Determining Current Execution Result Storage Size¶
You can retrieve the current size of the query execution result data from the internal Alation database table data_storage_blobaccesspostgres
:
SSH to the Alation server.
Enter the Alation shell.
sudo /etc/init.d/alation shell
Use the alation_psql command to access the internal Alation database.
alation_psql
Run the following query to determine the total size of the data_storage_blobaccesspostgres table. The query will return the table size in MB.
SELECT pg_size_pretty( pg_total_relation_size('data_storage_blobaccesspostgres') );
Exit the Postgres shell.
\q
Exit the Alation shell.
exit
Purging Execution Results¶
You can use the alation_action purge_execution_results
action to purge the query execution results storage and free some space. The script clears query execution results data from the data_storage_blobaccesspostgres
table in the internal Alation database for a time range specified by the user.

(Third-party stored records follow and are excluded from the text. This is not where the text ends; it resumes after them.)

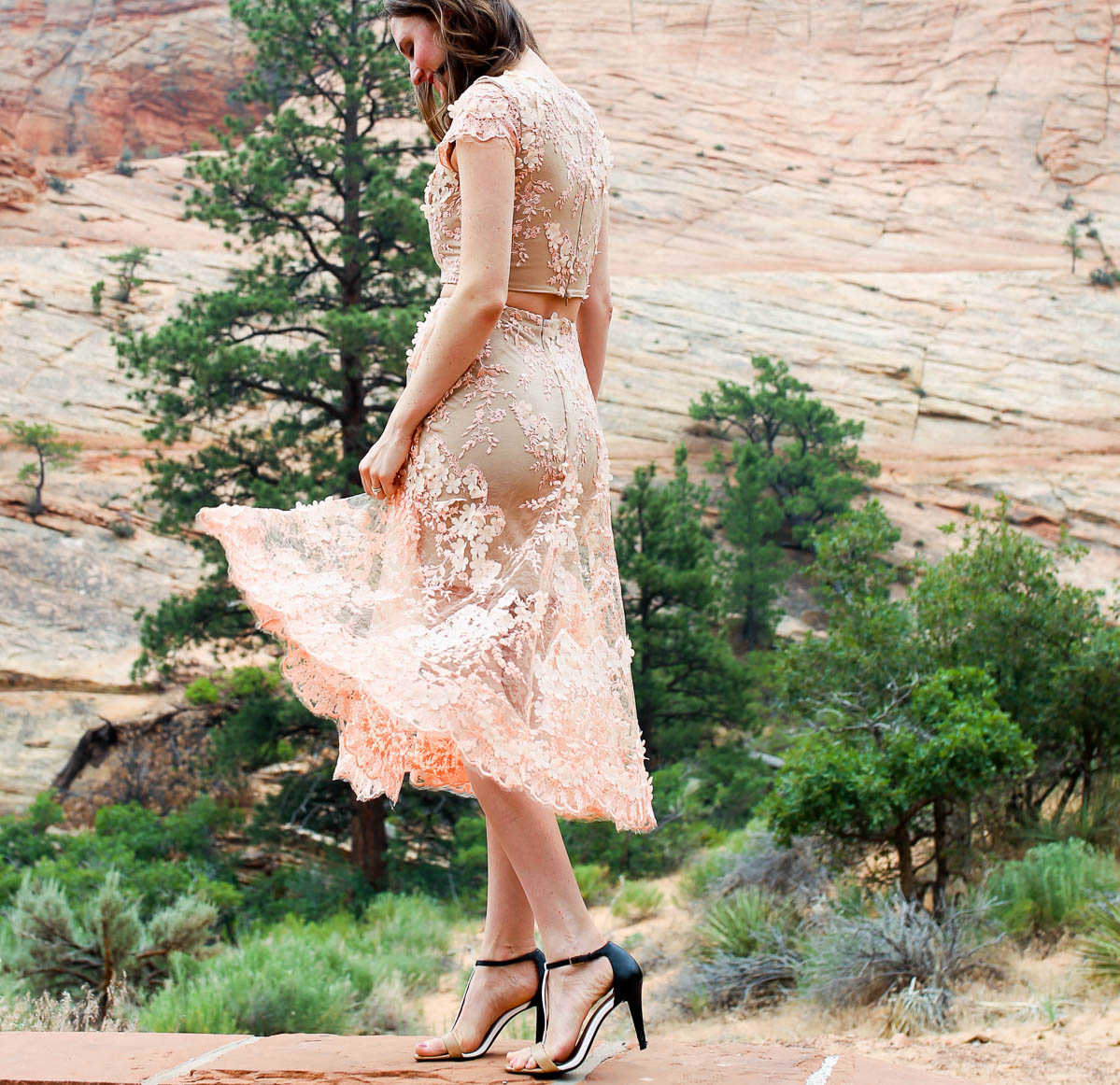 I wasn’t planning on blending in with this look – the dress that I wore to the wedding rehearsal of my cousin Kristin – but call it coincidence or fate, I was one with the sandstone cliffs. (It also comes in white, and the black option is 40% off right now!)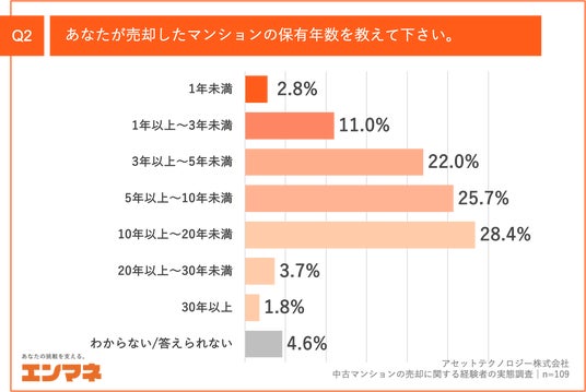 「Q2.あなたが売却したマンションの保有年数を教えて下さい。」(n=109)と質問したところ、「10年以上~20年未満」が28.4%、「5年以上~10年未満」が25.7%という回答となりました。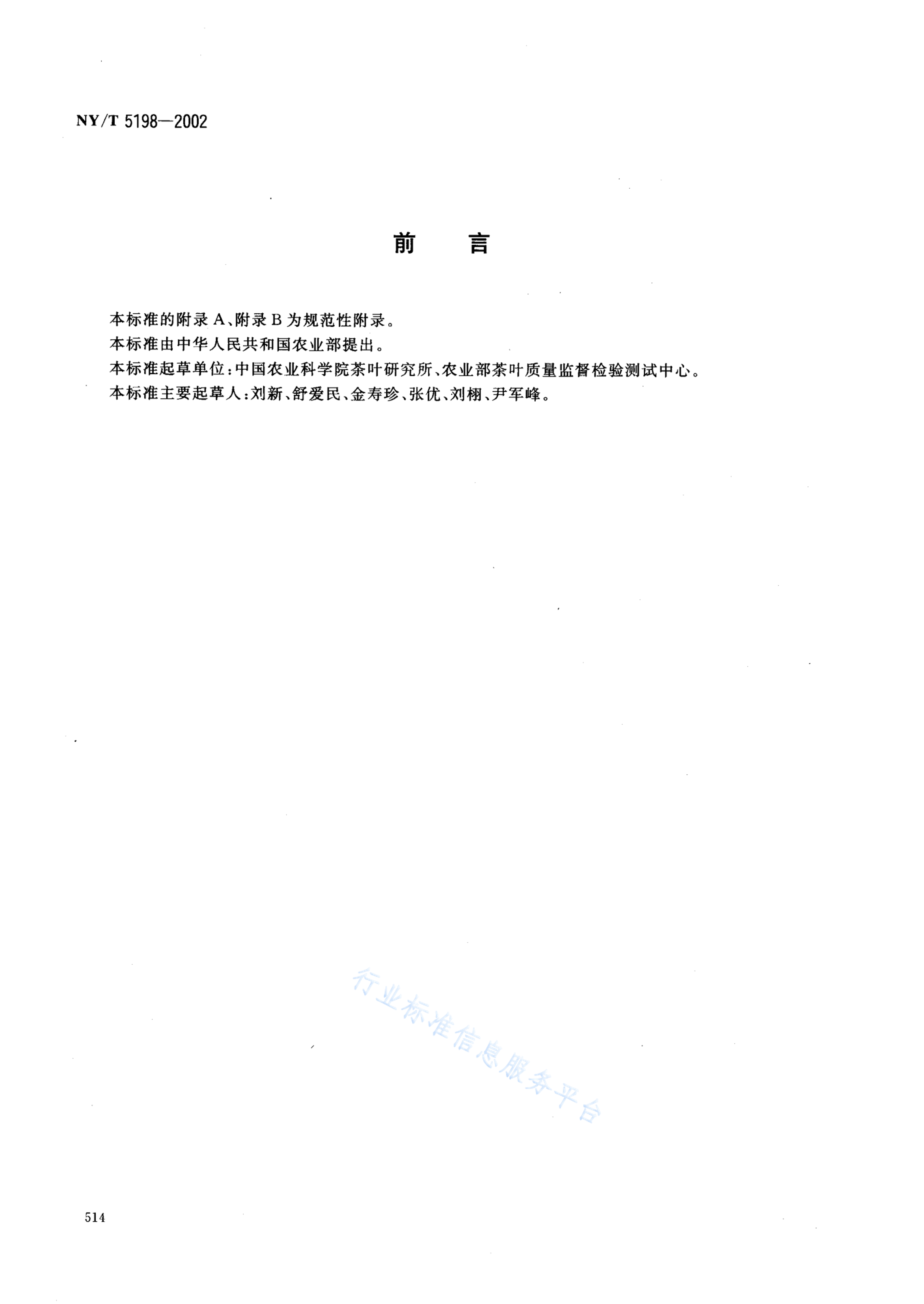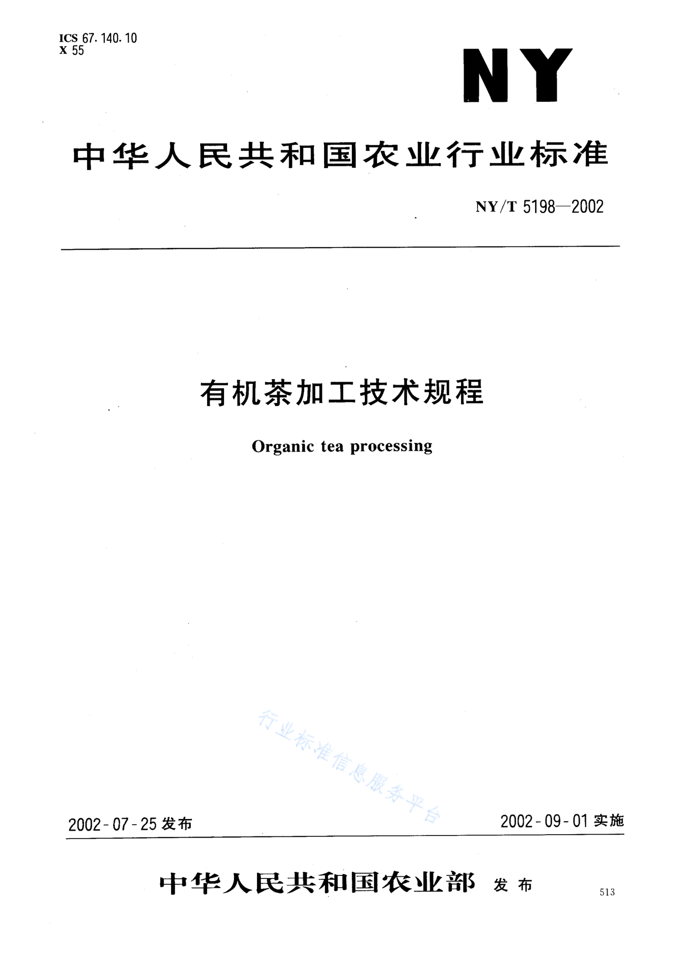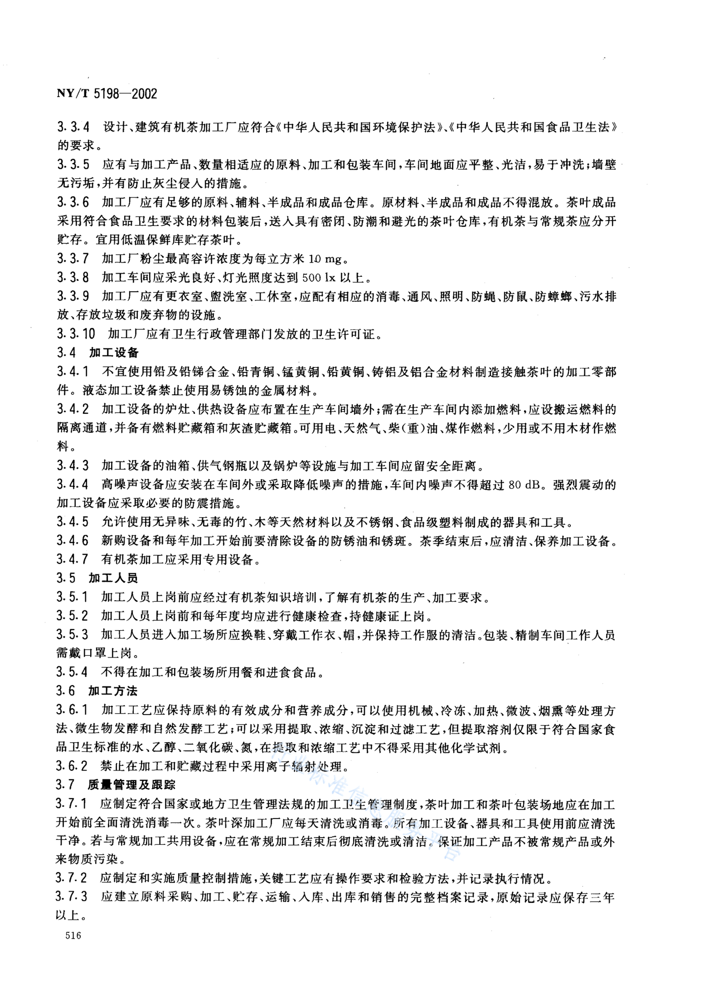 NY/T 5198-2002 有机茶加工技术规程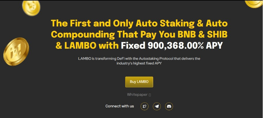 The APY for Lambo Finance is 900,368.31%, which will be paid automatically in LAMBO & BNB & SHIB.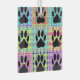 A colourful dog pattern quilt. Stripes and squares in many colours. Custom ornaments. All digital image.

The alation_action purge_execution_results
action works in 2 modes: 'Scan'
or 'Purge'
. Begin with scanning the volume of results set data. Then you can purge the results data if space is an issue.
Mode 1: Scanning for Records to Purge¶
The 'Scan'
mode is used to find how much space can potentially be reclaimed. Use the steps below to scan for query execution result data that can be purged from data_storage_blobaccesspostgres
:
SSH to the Alation server.
Enter the Alation shell.
sudo /etc/init.d/alation shell
Change user to
alation
.sudo su alation
Use the
alation_action purge_execution_results
command.alation_action purge_execution_results
Respond to all prompts. Pressing Enter skips to the next prompt and applies the default value. The following prompts will be displayed:
Enter the start date from which data is to be removed: Specify the start date of the time range that you want to scan. The input to this prompt is required and cannot be skipped. Use the format
yyyy-mm-dd
to specify the date.Enter the end date till which data is to be removed: Specify the end date of the time range that you want to scan. The input to this prompt is required and cannot be skipped. Use the format
yyyy-mm-dd
to specify the date.Enter the batch size: For the
'Scan'
mode, leave the default value by pressing Enter.Do you want to Scan or Purge? Type
'Scan'
to use this script for scanning.Log file path: specify the path to the output file or press Enter to accept the default value. By default, the output file will be written to /opt/alation/site/logs/ inside the Alation shell, but you can specify a different location. The name of the output file will be similar to
purge_execution_results_2021-11-12T11:29:55.607535.txt
Example:
(env) PROD [alation@ip-10-13-49-1 /]$ alation_action purge_execution_results Enter the start date from which data is to be removed (format : yyyy-mm-dd) : 2021-01-01 Enter the end date till which data is to be removed(format : yyyy-mm-dd) : 2021-10-31 Enter the batch size (in days, default is 10): Do you want to Scan or Purge? (default is 'Scan'): 'Scan' Log file path (Default is: /opt/alation/site/logs/): Scan revealed 900 records that can be removed and recover a total of 20.0MB Scan complete, set to `Purge` mode to proceed with the purge
View the scan output to determine if the data should be purged. Then, if needed, proceed with purging the data. If not, exit the Alation shell.
exit
Mode 2: Purging Records¶
Use the 'Purge'
action with caution. It purges all query results for a specified time period, including the results saved in the catalog by users. Some results saved in the catalog may still be in use and referenced in documents or other objects. After purging, a warning will be displayed to users in both Compose and the catalog to inform them that a result set they are trying to view is no longer available.
Warning
On version 2021.4, the purge action requires a downtime of the Alation server. Plan this activity during a period when a downtime is possible and warn your users that Alation will be temporarily unavailable. The length of the downtime depends on the amount of results data that you will be purging; however, the purging action affects one internal table and should not take a long time.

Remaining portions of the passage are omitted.